*Task to carry out*:
Give back each record precisely, pictures excluded.
# # # # # # #
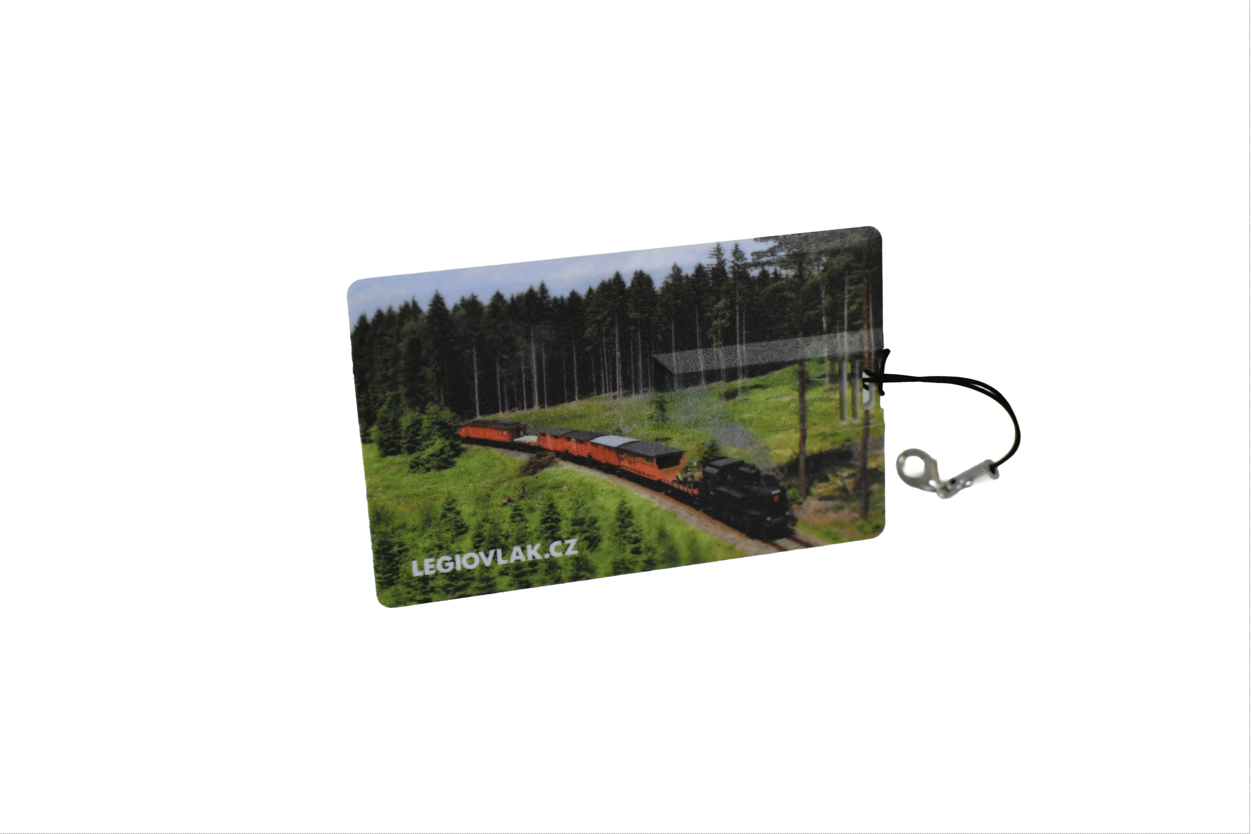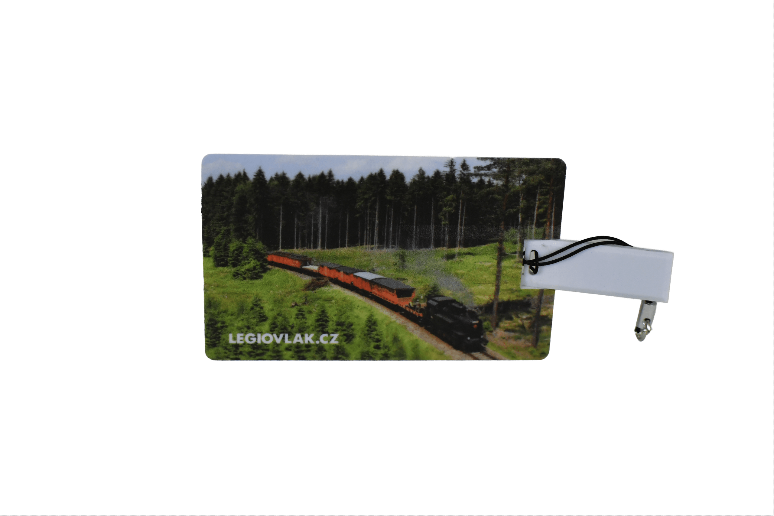 Ultratenký USB flah disk, který se snadno vejde do peněženky a který je potištěn motivem pojízdného muzea ČsOL Legiovlak.
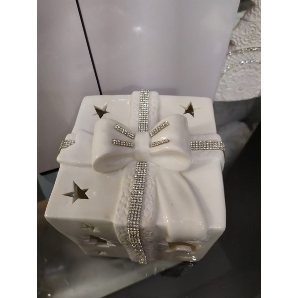 Gift box in porcellana con luce a led 12 cm.
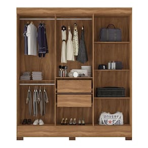 O Guarda Roupa Verso se destaca pela configuração interna, oferecendo excelente distribuição com duas gavetas e diversas possibilidades para utilização das prateleiras e três cabideiros metálicos para roupas longas. Acompanha pés em PVC de série, que facilitam a limpeza do ambiente. O móvel é confeccionado em MDP de alto padrão e possui acabamento resistente, proporcionado por sua pintura UV.
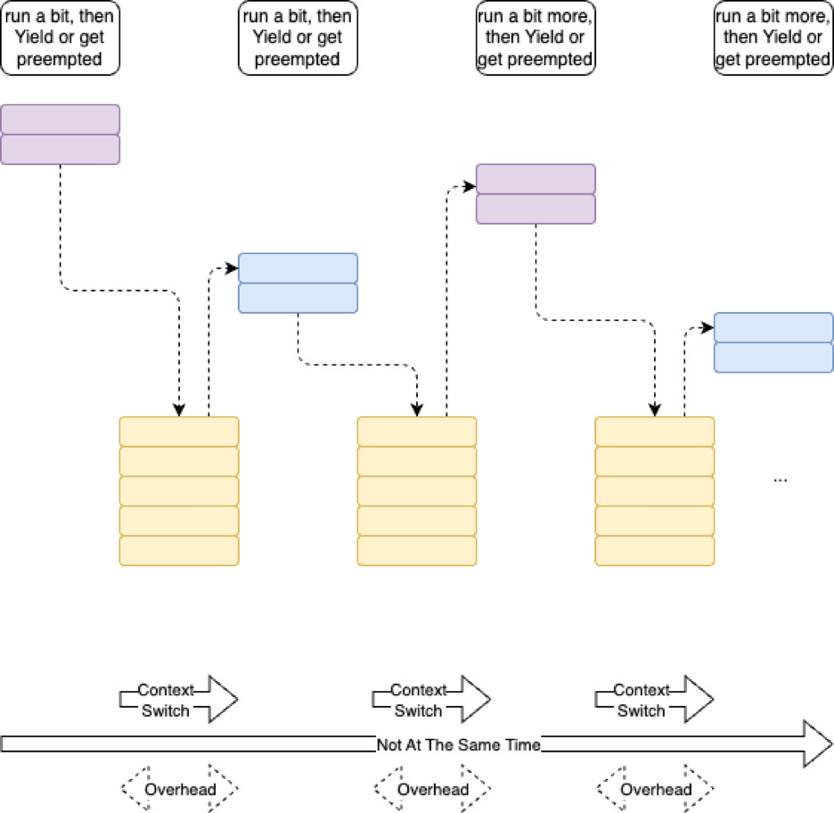 Context-switching happens so quickly as to fool the human eye. The tasks run sequentially, but get swapped in and out so quickly that humans perceive the tasks to be running at the same time, even though that is not what happens.
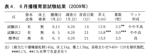 そこで,6月播種では排水改善・無窒素床土に育苗期間を短縮した試験区を設け検討した。その結果,育苗期間を短縮した試験区で標準区並の苗長となったが,苗のマット形成は不十分であり作業性に問題があった(表4)。このため苗マット形成の改善が必要であると考えられた。
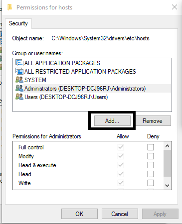 6.Ahora en la ventana de permisos seleccione su cuenta de administrador y asegúrese de marcar Control total (Permitir).
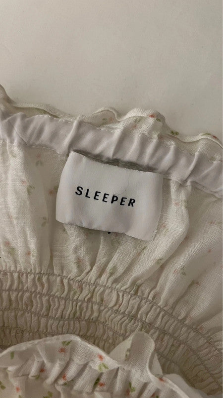 Robe en lin midi blanche en lin Michelin Daily, à petits imprimés floraux, smocks sur le buste, manches longues élastiquées pouvant se porter sur les épaules ou tombantes (pour avoir les épaules dénudées).
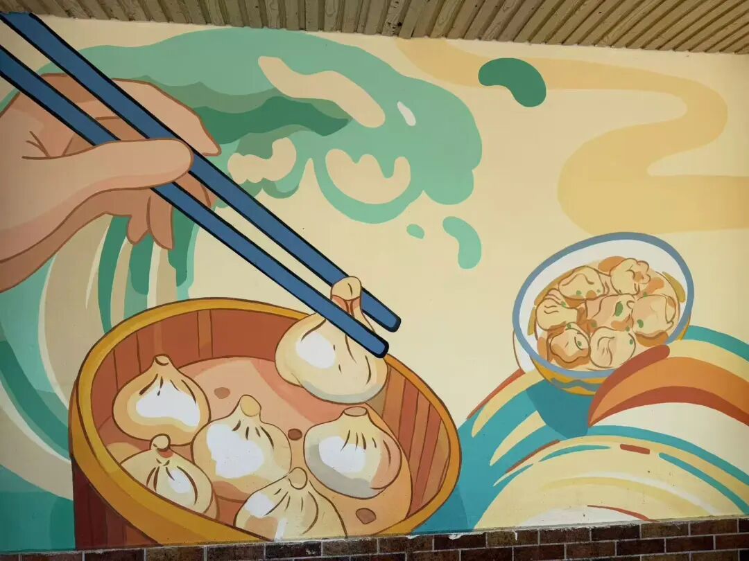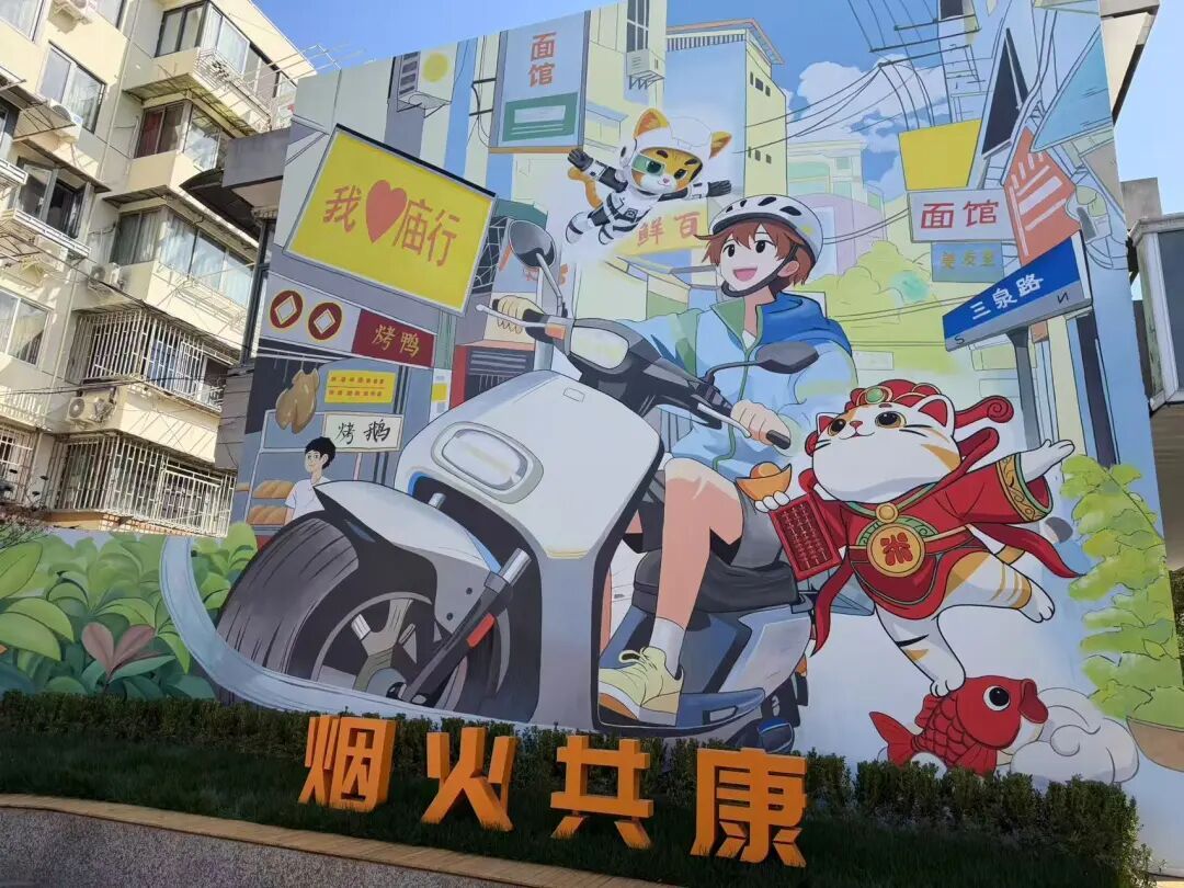 漫步在三泉路与和康路路口,一幅高达七米的墙绘首先映入眼帘。画面巧妙地捕捉了街区的日常:鳞次栉比的美食店、穿梭其间的外卖小哥,以艺术化形式呈现,一股浓郁的市井烟火气扑面而来。
# # # # # # #
*Written answer*:
 Ultratenký USB flah disk, který se snadno vejde do peněženky a který je potištěn motivem pojízdného muzea ČsOL Legiovlak.
 Gift box in porcellana con luce a led 12 cm.
 O Guarda Roupa Verso se destaca pela configuração interna, oferecendo excelente distribuição com duas gavetas e diversas possibilidades para utilização das prateleiras e três cabideiros metálicos para roupas longas. Acompanha pés em PVC de série, que facilitam a limpeza do ambiente. O móvel é confeccionado em MDP de alto padrão e possui acabamento resistente, proporcionado por sua pintura UV.
 Context-switching happens so quickly as to fool the human eye. The tasks run sequentially, but get swapped in and out so quickly that humans perceive the tasks to be running at the same time, even though that is not what happens.
 そこで,6月播種では排水改善・無窒素床土に育苗期間を短縮した試験区を設け検討した。その結果,育苗期間を短縮した試験区で標準区並の苗長となったが,苗のマット形成は不十分であり作業性に問題があった(表4)。このため苗マット形成の改善が必要であると考えられた。
 6.Ahora en la ventana de permisos seleccione su cuenta de administrador y asegúrese de marcar Control total (Permitir).
 Robe en lin midi blanche en lin Michelin Daily, à petits imprimés floraux, smocks sur le buste, manches longues élastiquées pouvant se porter sur les épaules ou tombantes (pour avoir les épaules dénudées).
 漫步在三泉路与和康路路口,一幅高达七米的墙绘首先映入眼帘。画面巧妙地捕捉了街区的日常:鳞次栉比的美食店、穿梭其间的外卖小哥,以艺术化形式呈现,一股浓郁的市井烟火气扑面而来。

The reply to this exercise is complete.